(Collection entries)
+---+

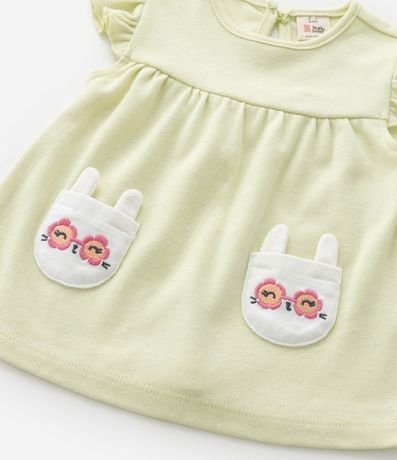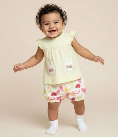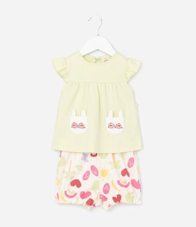 Ref: Conjunto infantil confeccionado em algodão mais sustentável através de boas práticas ambientais, no modelo curto. Possui blusa no modelo bata, com gola redonda, fechamento gota, manga curta, bolsinho com estampa de bichinho. Shortinho com cós e barra com elástico e estampado.
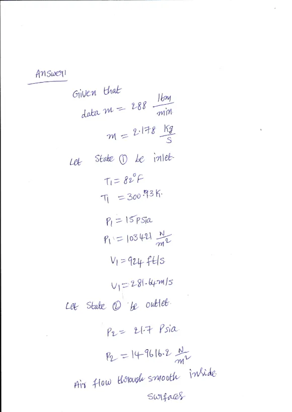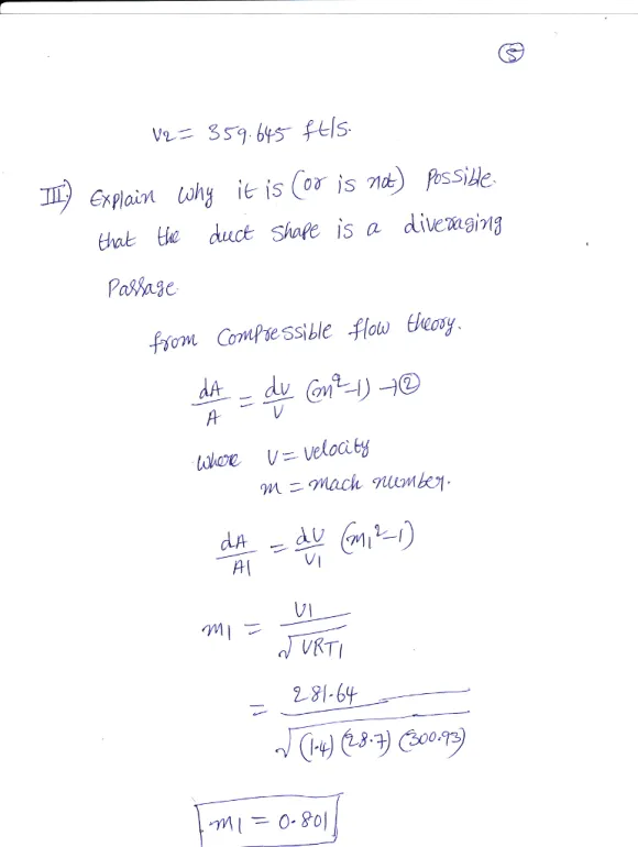 Air flows through a short duct with a smooth inside surface and gradually changing flow area. The measured flow rate is equal to 288 lbm/min. At the duct inlet, the temperature is equal to 82 deg F, and the pressure is equal to 15 psia. The inlet velocity is equal to 924 ft/s. At the duct exit, the pressure is equal to 21.7 psia. (I.) Calculate the cross-sectional flow area of the duct inlet. (II.) Estimate the temperature and velocity at the duct exit. (III.) Explain why it is (or is not) possible that the duct shape is a diverging passage. (IV.) Explain why it is (or is not) possible that the duct is a converging-diverging passage. (Hint: use quantitative reasoning and compressible flow theory for parts III and IV.)
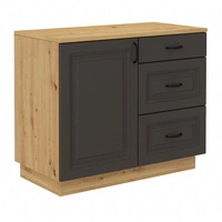 Styl 100 cm komoda dub artisan / šedý grafit užitková a funkční komoda stylové frézované čela kovové úchyty
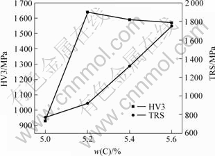 Fig.6 Effects of carbon content on Vickers hardness and TRS of carbon-deficient cemented carbides
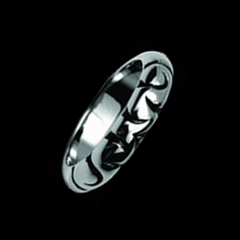 Prsten z chirurgické oceli 316L. Prsten má leštěný povrch zdobený černýmy zářezy. Prsten je široký 5mm. Hezký pánský ocelový prsten.
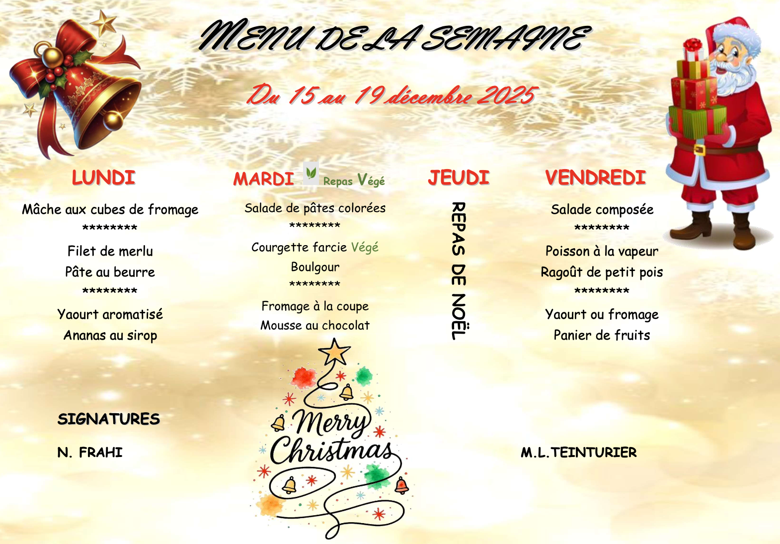 Menu du 15 décembre 2025 au 19 décembre 2025.
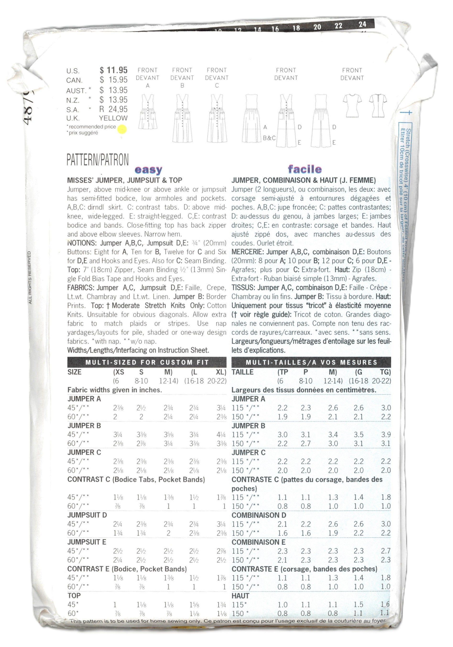 Butterick 4879 Misses Jumper Jumpsuit and Top Sewing Pattern

+---+

### Work task
Print once more, exactly, the lines from the one with "Fig.6 Effects of" through the last line of the data, both ends included, without any pictures.

### Solution to this task
 Fig.6 Effects of carbon content on Vickers hardness and TRS of carbon-deficient cemented carbides
 Prsten z chirurgické oceli 316L. Prsten má leštěný povrch zdobený černýmy zářezy. Prsten je široký 5mm. Hezký pánský ocelový prsten.
 Menu du 15 décembre 2025 au 19 décembre 2025.
 Butterick 4879 Misses Jumper Jumpsuit and Top Sewing Pattern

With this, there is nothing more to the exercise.